Flame GPU Benchmarks

Hey team, I ran a basic Flame GPU benchmark on a bunch of cards I’ve got in my office today.

Idea was yoinked from randy in the M1 thread!

My methodology was incredibly simple as I wanted to 100% use the GPU exclusively. I fed colour noise @ 4K and @ 8K into a motion analysis node, which then fed into a render node (rendering both forward and backward vectors). I timed how long it took to render 200 frames @ 4K and 100 frames @ 8K.

The cards in question are: A5000, 3090, 3080 and 3060. These cards are all ampere-based cards so the results were quite predictable. The biggest surprise was the 3080 comfortably beating the A5000 and the 3090 being significantly faster than the 3080, still.

I also thought the significantly larger VRAM of the A5000 would help it in the 8K test vs. the 3080 as VRAM usage was just starting to exceed 10GB but it didn’t. This may be because the A5000 is using DDR6 while the 3080/3090 use DDR6X.

ECC also seemed to add a solid 5% performance hit but I confess that I may not have set this up correctly. I just switched it on in the nvidia-settings window.

A final puzzling note (and one that might be solved by running the DKU between GPU swaps (something I was not prepared to do)) my box is A LOT snappier with the 3090 inside. loading up Flame is almost instantaneous with it. The others chug along for a bit first. Once flame is open it seems fine however.

I’ve got a real rink-y dink spreedsheet you can see with some real numbers.

Another test that would be useful to run would be using a heavy Action to viewport test and render from. If anyone has an action like that to share I would love to give it a try. I would also love to test an RDNA2 card but I don’t have any around.

Because the methodology is so simple, please feel free to add your times or verify my own. I know where an RTX 8000 is which I might do these test with.

Conclusion: Surprise! The 3090 will save you a lot of time-- not worth forking out more for an A5000 unless you need its blower design and/or lower TDP for rack installation (though there are blower design 3090s out there…).

5 Likes

Well that’s kind of suprising (and sad), the 3090 being almost 1K cheaper than an A5000.
Annoyingly Teradici also requires Quadro cards to work in Linux :frowning:

1 Like

Hey!

Would you mind sharing the setup for this? Would love to try it on my new build.

Thanks,

Andrew

1 Like

It’s on the Logik Portal as well as…

Thanks Randy!!

1 Like

Hey, the benchmark I made was incredibly simple and is different from the archive linked above. My benchmark only generated motion vectors so it can isolate the GPU. I can upload the 2 node batch for it in a moment if you are still interested!

Edit: Here is the link

Flame GPU Benchmark 2022.3

I have yet to use Teradici. I recently bought an A2000 and its sitting inside my flame box as it only requires PCIe power. would this enable teradici??
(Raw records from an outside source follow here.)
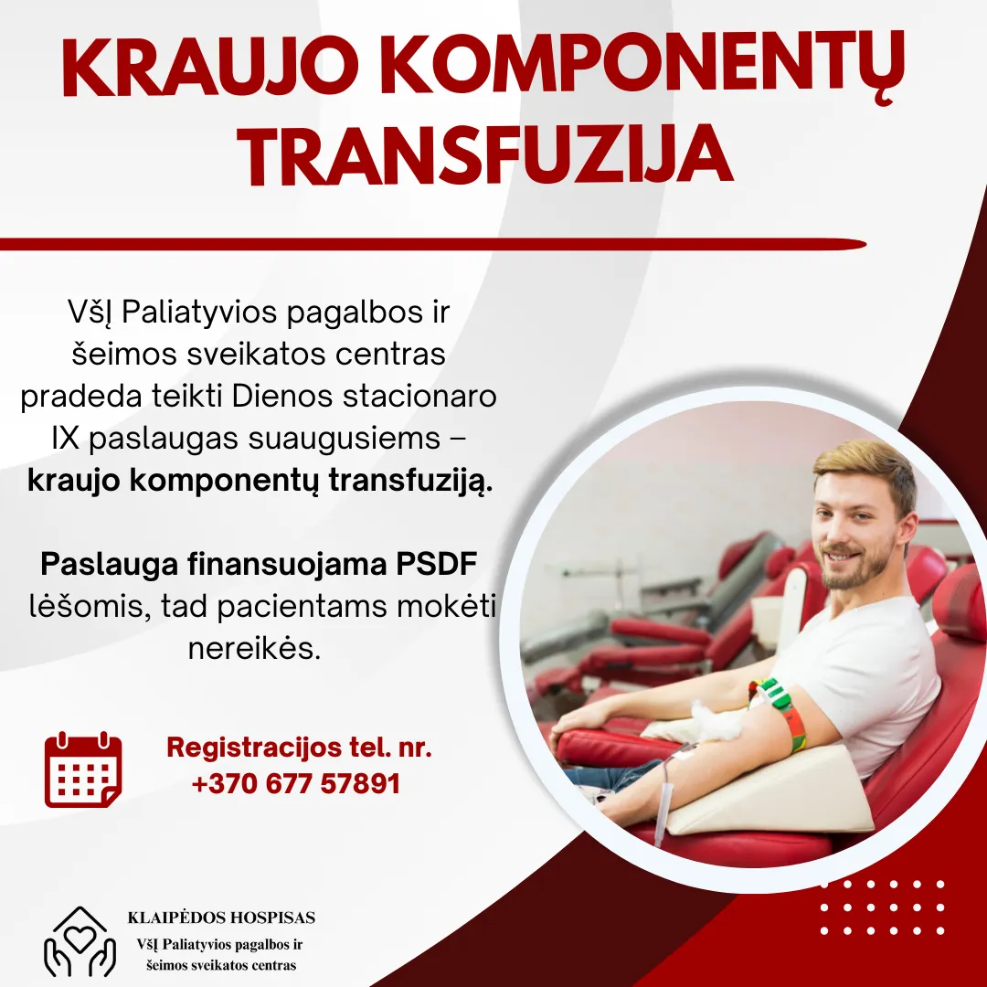 Džiaugiamės galėdami pranešti, kad VšĮ Paliatyvios pagalbos ir šeimos sveikatos centras išplėtė savo paslaugų spektrą ir pradėjo teikti Dienos stacionaro IX kraujo komponentų transfuzijos paslaugas suaugusiems pacientams.
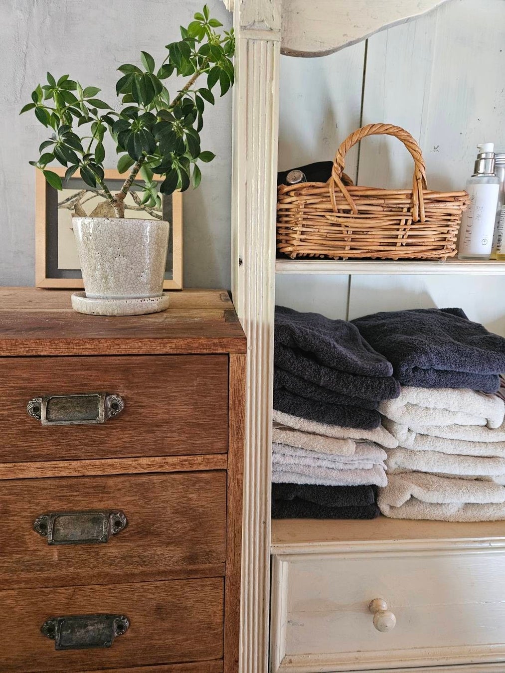 ふわふわな肌ざわりでなく「タオルは一瞬で水分を拭き取ってすぐ乾くものがいい」という店主おちづのこだわりのもと、試作を重ねて開発。従来のタオルでは解決できなかった“乾きづらさ”“臭い”の課題を解消しました。
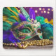 Mardi Gras sequin mask with gold necklace, feathers, and bokeh lighting
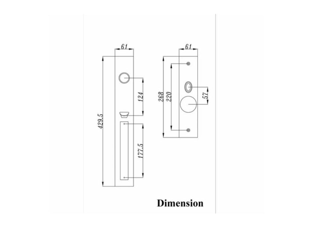 Dimension: Exterior plate: overall height 429.5mm x 61mm x 9mm, Grip Handle: 177.5mm(L) x 42mm (H), Interior plate: overall height 268mm x 61mm x 9mm

Honestly I’m not sure, but as long as it’s the quadro range it should enable it yes.

Apple M1 Ultra
flame benchmark test
14:03
WTF?

Did someone throw some numbers down?

I suspected that the Ultra might be around 15 based on the M1 Max tests I did—think they were around 24 if memory serves. There was no way it was going to get to that a6000rtx/3995 bench under emulation. Not bad numbers but definitely not Threadripper either.

There is a benchmark for M1 Max at 5:16 by @gizmorivera on the google sheet. I’m guessing that is the Macbook Pro. Did you do this test yourself @david-parker ?

yes
M1 MAX 64gb
MacBook Pro (16-inch, 2021)

something went wrong…i am assuming your stone is a 7200 rpm external drive…local SSD or a raid 0 SSD is a-lot faster.

Ran the bench last night again on a fully maxed out M1 Max 16 on 2022.3.

The times are no where near 5… I don’t know how you’re getting those speeds @gizmorivera unless you’re doing the GPU bench and not the timeline bench. The timeline bench arch wouldn’t have a 4K and 8k difference. It only 4k.

@david-parker’s speeds seem consistent with the timeline bench given what my M1 Max is doing. Maybe we’re both somehow getting it wrong…

Something seems weird, my 2020 10core iMac/5700xt runs the timeline bench in 14.00 flat.

Argument for a new bench right there.

1 Like

Perhaps a logik live in how to run the bench consistently @andymilkis

2 Likes

@friendlyape thanks for doing this! If you do another run, or have you 3090 in. How does it handle the ML timewarp? Curious if there is a difference.

Thanks
Brooks

probably a daft question - just running the Benchmark on my M1 Max MBP - and i was wondering how you can see how long a render takes?
I know the progress bar has a count down, but i don’t know what it started at, and i don’t remember ever having seen a figure for render times once its completed.

I haven’t done any benchmarking in particular but when ML timewarp first came out I was using a 2080. I bought a 3080 on release and it was significantly faster. My 3090 was a decent bump over the 3080 too.

I’ll put it on my to-do list for testing and report back!